▶ **Assignment**:
In the records that follow, find the line with "View of auditorium"; from there, retype every line exactly through the line with "Muška polo majica", which also belongs to the answer.

▶ **Data records**:
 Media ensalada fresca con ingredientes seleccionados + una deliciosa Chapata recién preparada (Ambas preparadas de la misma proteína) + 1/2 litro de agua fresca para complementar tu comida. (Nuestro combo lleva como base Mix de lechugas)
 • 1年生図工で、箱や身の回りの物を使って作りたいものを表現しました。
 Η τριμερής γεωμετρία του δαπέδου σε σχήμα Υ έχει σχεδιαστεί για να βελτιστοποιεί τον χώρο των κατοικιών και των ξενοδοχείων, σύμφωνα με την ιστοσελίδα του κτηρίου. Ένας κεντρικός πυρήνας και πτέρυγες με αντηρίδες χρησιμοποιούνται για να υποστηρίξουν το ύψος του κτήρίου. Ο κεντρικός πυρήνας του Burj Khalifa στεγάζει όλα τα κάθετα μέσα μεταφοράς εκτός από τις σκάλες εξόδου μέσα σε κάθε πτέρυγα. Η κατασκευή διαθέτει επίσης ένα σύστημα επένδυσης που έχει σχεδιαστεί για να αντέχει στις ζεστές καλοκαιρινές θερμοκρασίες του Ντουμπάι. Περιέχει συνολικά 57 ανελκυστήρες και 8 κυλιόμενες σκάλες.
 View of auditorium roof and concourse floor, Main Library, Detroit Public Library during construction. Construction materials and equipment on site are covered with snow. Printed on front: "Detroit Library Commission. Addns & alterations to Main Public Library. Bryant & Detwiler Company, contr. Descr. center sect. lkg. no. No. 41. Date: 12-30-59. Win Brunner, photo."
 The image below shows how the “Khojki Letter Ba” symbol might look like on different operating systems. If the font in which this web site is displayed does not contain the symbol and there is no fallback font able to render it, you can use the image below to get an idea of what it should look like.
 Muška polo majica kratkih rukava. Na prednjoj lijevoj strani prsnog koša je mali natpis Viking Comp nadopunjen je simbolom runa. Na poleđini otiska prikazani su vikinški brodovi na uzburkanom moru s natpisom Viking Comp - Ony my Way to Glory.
--
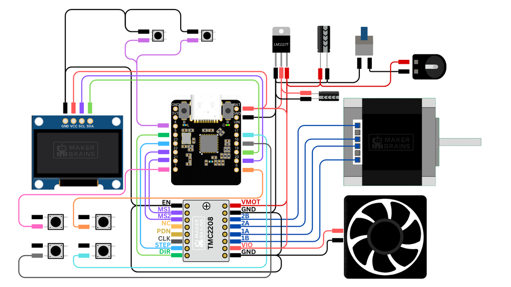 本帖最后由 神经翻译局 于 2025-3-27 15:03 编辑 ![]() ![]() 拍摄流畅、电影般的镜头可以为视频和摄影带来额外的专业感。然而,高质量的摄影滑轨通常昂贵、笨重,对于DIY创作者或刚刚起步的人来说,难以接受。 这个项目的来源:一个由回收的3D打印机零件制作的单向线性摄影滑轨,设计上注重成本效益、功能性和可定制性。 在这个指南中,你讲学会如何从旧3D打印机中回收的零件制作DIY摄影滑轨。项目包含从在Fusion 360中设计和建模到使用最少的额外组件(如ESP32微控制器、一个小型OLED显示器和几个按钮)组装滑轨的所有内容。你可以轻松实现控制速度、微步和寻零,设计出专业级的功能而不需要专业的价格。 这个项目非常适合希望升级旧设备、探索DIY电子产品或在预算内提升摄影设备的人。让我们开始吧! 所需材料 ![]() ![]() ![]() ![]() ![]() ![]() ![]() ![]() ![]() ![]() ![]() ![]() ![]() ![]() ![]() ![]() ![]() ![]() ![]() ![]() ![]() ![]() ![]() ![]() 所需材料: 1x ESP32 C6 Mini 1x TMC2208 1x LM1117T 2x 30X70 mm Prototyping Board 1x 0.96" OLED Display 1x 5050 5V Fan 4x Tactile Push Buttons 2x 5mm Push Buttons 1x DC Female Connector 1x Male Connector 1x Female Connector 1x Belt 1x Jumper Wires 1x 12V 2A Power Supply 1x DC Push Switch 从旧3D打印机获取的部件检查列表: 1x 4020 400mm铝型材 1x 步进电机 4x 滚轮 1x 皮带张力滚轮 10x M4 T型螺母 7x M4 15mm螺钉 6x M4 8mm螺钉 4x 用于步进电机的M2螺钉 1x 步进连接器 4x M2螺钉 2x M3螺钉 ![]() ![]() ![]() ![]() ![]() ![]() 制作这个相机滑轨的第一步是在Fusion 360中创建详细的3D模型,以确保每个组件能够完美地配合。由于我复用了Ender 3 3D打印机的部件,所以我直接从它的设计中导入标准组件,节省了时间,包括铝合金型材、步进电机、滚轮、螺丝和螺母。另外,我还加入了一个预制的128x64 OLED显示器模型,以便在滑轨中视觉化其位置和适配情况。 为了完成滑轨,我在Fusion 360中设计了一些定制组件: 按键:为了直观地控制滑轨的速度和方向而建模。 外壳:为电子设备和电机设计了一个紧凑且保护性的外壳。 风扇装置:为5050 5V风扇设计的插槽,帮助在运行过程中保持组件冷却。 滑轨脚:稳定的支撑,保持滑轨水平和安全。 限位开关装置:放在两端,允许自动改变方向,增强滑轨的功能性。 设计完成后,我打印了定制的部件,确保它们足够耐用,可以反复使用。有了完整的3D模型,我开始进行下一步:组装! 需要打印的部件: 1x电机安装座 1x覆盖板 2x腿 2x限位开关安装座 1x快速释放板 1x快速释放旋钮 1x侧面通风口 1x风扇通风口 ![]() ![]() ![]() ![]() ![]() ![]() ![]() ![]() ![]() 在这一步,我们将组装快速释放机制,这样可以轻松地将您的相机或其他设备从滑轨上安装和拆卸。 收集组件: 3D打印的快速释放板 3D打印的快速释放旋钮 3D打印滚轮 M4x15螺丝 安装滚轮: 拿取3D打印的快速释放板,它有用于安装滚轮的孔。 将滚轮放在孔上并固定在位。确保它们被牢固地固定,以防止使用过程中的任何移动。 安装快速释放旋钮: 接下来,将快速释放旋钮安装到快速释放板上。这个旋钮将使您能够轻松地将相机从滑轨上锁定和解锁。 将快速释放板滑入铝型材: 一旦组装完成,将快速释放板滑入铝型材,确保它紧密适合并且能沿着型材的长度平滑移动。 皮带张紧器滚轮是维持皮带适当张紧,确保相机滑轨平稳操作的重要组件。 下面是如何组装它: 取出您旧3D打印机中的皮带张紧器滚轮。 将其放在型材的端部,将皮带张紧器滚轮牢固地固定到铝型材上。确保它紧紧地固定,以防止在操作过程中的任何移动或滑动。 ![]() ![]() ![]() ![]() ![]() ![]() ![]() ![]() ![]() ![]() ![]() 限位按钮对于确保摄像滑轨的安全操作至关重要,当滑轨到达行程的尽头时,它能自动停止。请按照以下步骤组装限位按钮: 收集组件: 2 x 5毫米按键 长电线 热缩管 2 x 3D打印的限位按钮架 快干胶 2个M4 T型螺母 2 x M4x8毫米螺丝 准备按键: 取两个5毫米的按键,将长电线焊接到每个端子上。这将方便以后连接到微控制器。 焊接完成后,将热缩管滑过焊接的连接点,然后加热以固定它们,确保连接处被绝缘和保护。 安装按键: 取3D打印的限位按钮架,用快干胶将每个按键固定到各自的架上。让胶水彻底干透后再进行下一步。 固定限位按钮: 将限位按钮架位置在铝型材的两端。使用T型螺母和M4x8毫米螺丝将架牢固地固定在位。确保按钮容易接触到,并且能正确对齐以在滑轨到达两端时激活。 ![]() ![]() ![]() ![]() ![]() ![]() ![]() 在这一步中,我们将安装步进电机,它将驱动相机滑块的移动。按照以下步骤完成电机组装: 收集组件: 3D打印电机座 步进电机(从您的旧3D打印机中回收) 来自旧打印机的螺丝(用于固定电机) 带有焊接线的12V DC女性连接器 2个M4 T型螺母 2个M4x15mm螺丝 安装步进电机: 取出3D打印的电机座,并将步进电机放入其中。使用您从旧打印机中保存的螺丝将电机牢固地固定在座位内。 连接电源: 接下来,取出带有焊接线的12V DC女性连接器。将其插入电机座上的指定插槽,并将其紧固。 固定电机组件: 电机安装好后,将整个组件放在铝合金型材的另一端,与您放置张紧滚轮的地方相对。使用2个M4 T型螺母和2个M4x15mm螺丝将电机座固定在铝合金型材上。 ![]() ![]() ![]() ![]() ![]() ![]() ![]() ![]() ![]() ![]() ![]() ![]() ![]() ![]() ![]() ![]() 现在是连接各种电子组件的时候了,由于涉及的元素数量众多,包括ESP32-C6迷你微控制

▶ **Task solution**:
 View of auditorium roof and concourse floor, Main Library, Detroit Public Library during construction. Construction materials and equipment on site are covered with snow. Printed on front: "Detroit Library Commission. Addns & alterations to Main Public Library. Bryant & Detwiler Company, contr. Descr. center sect. lkg. no. No. 41. Date: 12-30-59. Win Brunner, photo."
 The image below shows how the “Khojki Letter Ba” symbol might look like on different operating systems. If the font in which this web site is displayed does not contain the symbol and there is no fallback font able to render it, you can use the image below to get an idea of what it should look like.
 Muška polo majica kratkih rukava. Na prednjoj lijevoj strani prsnog koša je mali natpis Viking Comp nadopunjen je simbolom runa. Na poleđini otiska prikazani su vikinški brodovi na uzburkanom moru s natpisom Viking Comp - Ony my Way to Glory.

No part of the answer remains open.